A minute later they heard
her scream, and she ran back with the open paper in her hands.
"He did not do it! He is crazy! They have found the murderer!"
Silas fixed an incredulous, questioning stare upon his wife, and then
turned quickly toward his brother. As for Joseph, at first and for
several moments, he gave no sign that he had heard at all. Then he
slowly raised his eyes to his brother's face with a deliberate, cruel
gaze of contemptuous sarcasm and cold aversion. The first effect of this
great relief was to flood his mind with bitter wrath at those who had
done him the great wrong from which, no thanks to them, he had been
rescued.
Mrs. Kilgore hastily read aloud, in a breathless voice, the newspaper
account It seemed that two tramps had taken refuge in the barn from
the storm that had raged the night of the murder, and getting into some
quarrel before morning, one had stabbed the other and fled, only to be
captured two days later and confess everything. When Mrs. Kilgore ceased
reading, Joseph said:--
"It must be a great disappointment for you that they are not going to
hang me for it. I sincerely condole with you."
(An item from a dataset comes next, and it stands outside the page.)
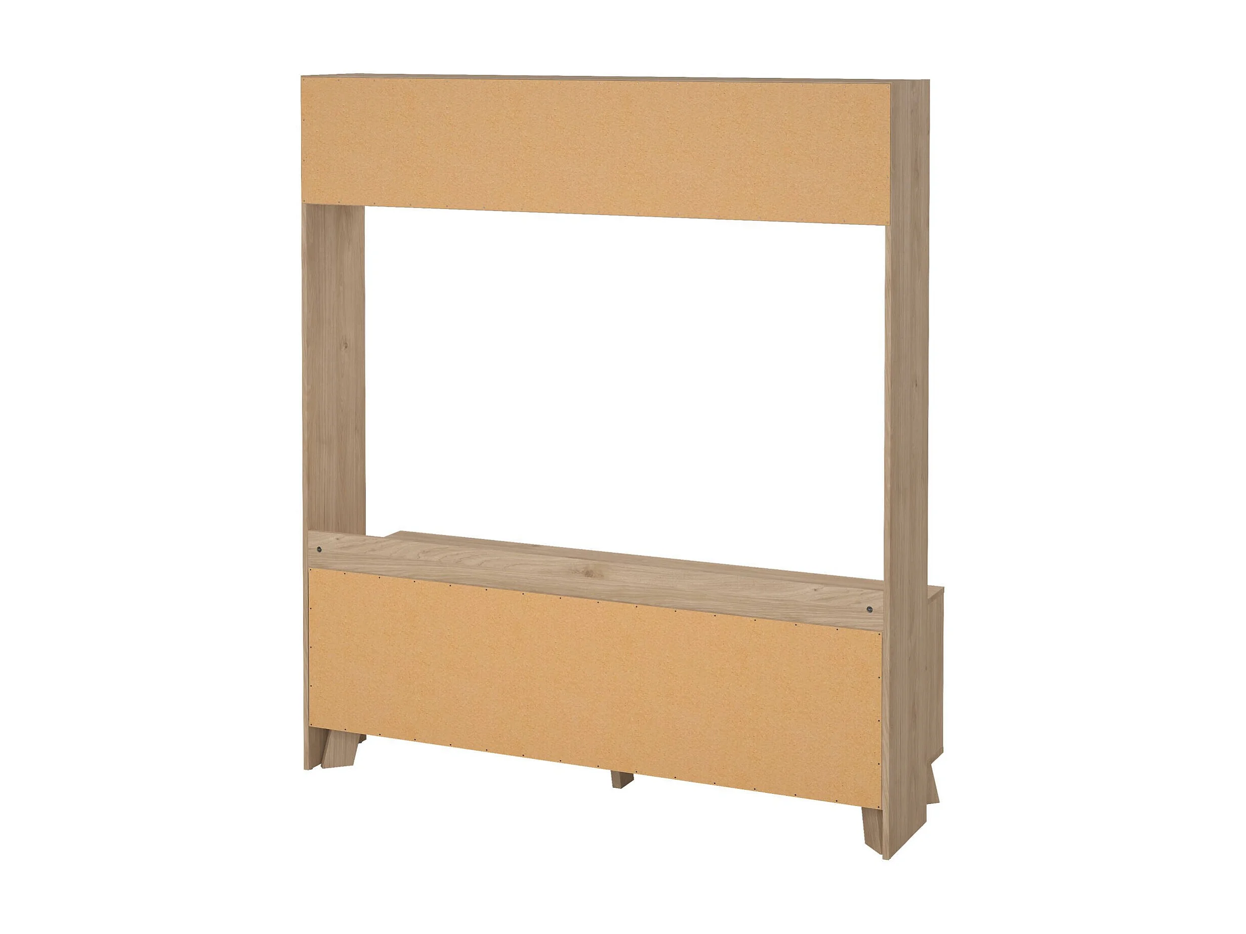 Meuble TV Dteston, Buffet de salon, Armoire basse pour TV, Base murale de rangement, 159x48 h181 cm, Chêne clair et Blanc

Mrs. Kilgore cried, "Oh, don't!" and Silas made a gesture of
deprecation, but both felt that Joseph had a right to revile them as he
chose, and they had no right to complain. But he, even while he could
not deny himself the gratification of a little cruel reproach, knew that
they were not to be blamed, that they had been as much the victims of
a fatality as himself, and that this was one of those peculiarly
exasperating wrongs which do not leave the sufferer even the
satisfaction of being angry. Soon he got up and walked across the room,
stretched himself, drew his hand over his forehead, and said:--
"I feel as if I had just been dug up after being buried alive."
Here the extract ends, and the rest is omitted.